> _Input_:
——

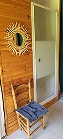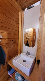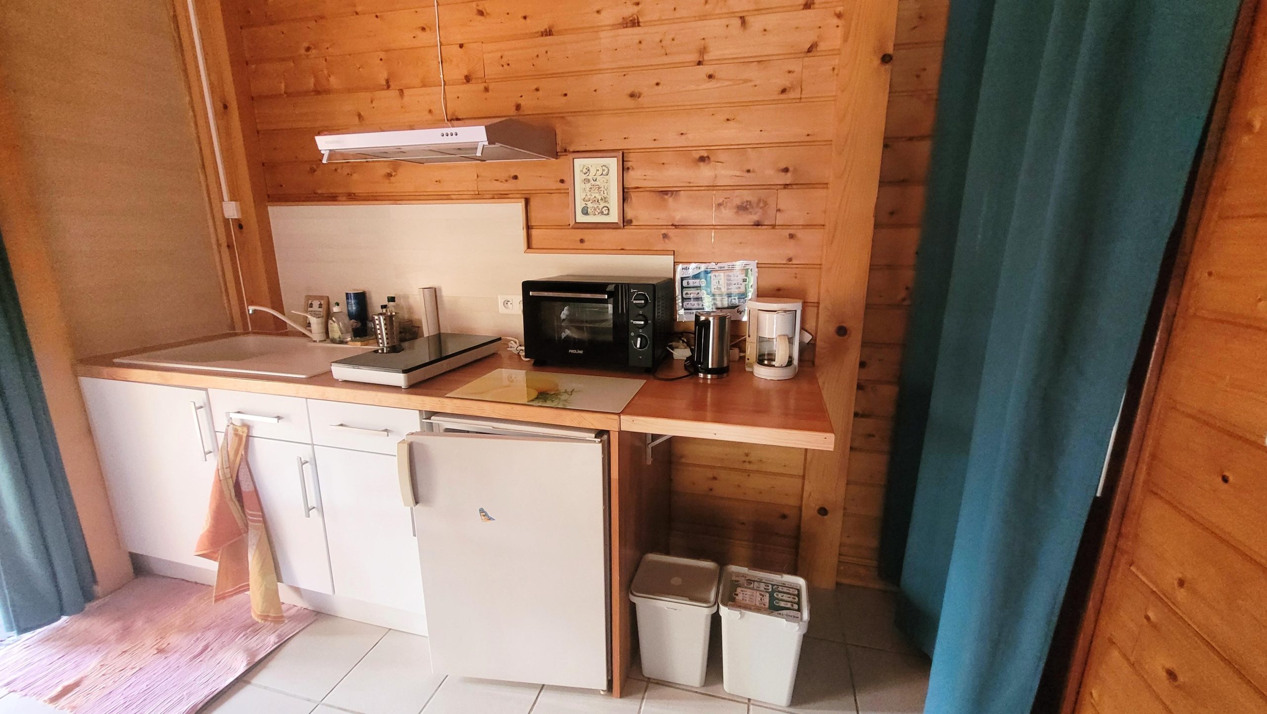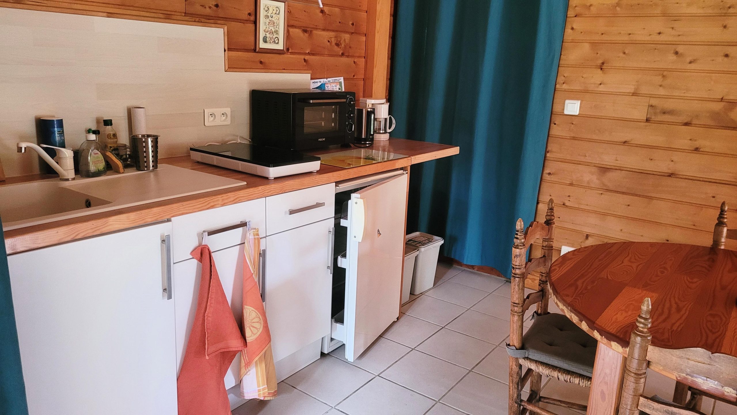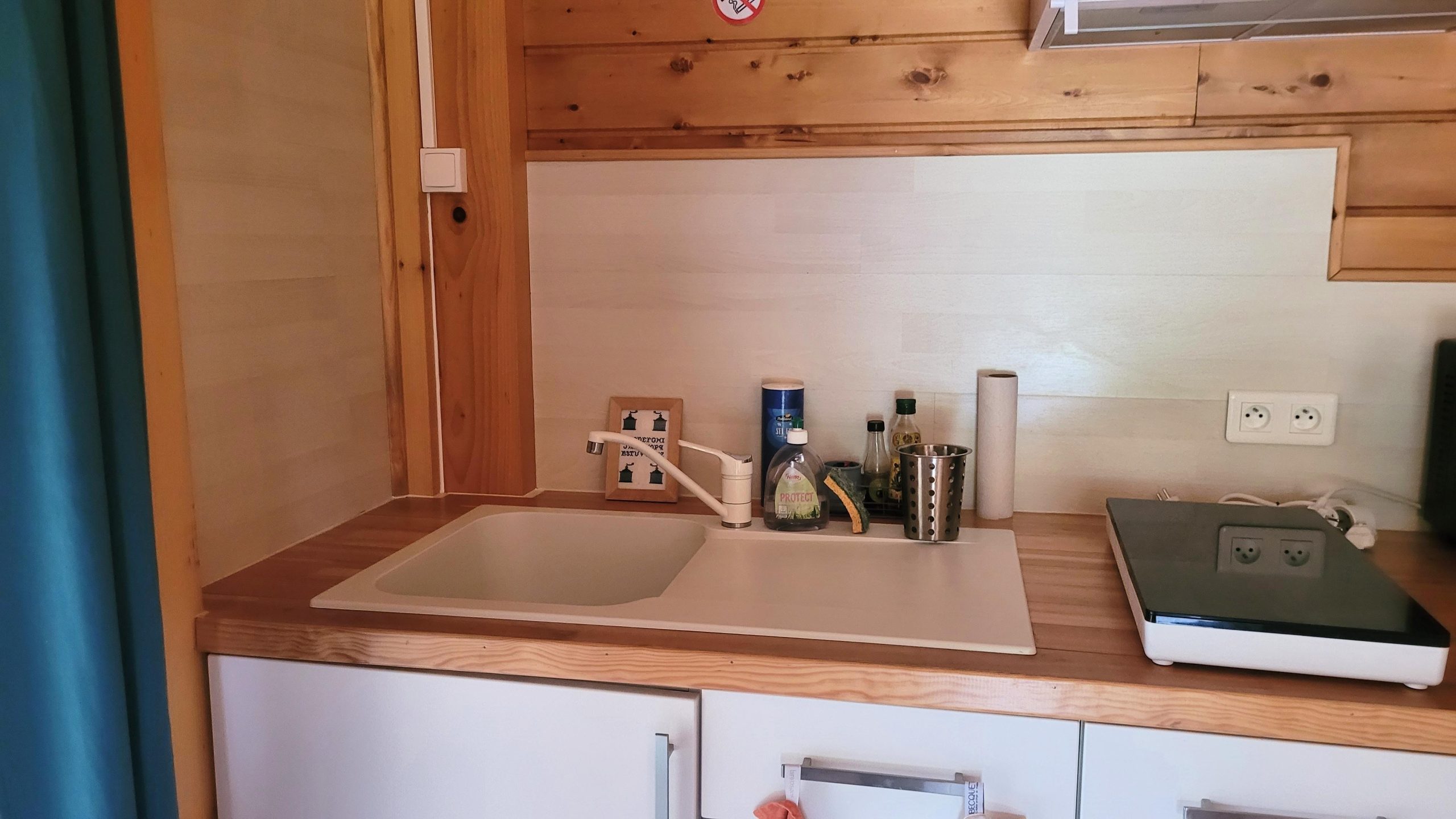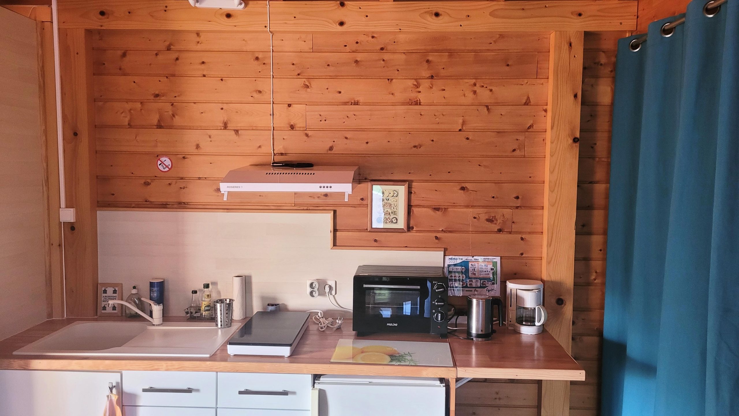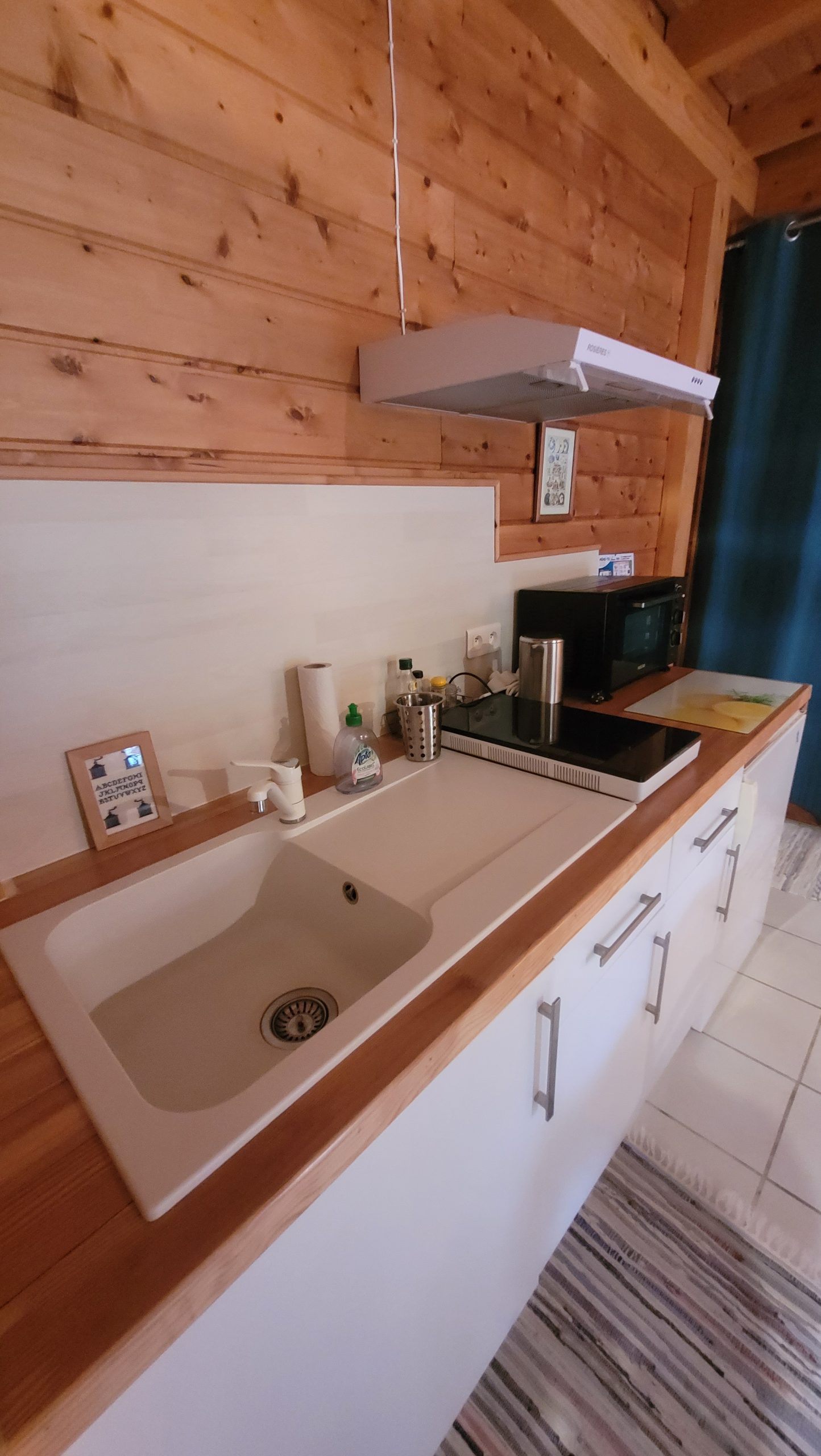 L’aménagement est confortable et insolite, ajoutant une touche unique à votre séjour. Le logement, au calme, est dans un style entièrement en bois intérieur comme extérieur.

——

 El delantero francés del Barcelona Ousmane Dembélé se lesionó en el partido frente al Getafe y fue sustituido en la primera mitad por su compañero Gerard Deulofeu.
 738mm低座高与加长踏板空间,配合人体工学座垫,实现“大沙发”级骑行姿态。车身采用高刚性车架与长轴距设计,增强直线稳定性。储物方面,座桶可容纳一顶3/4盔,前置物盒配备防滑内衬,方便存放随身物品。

——

> _About this task_: Look above for the line with "El delantero francés" and the line with "738mm低座高与加长踏板空". Write out those two lines and all the lines between them, exactly, and no others.

> _Result of this exercise_:
 El delantero francés del Barcelona Ousmane Dembélé se lesionó en el partido frente al Getafe y fue sustituido en la primera mitad por su compañero Gerard Deulofeu.
 738mm低座高与加长踏板空间,配合人体工学座垫,实现“大沙发”级骑行姿态。车身采用高刚性车架与长轴距设计,增强直线稳定性。储物方面,座桶可容纳一顶3/4盔,前置物盒配备防滑内衬,方便存放随身物品。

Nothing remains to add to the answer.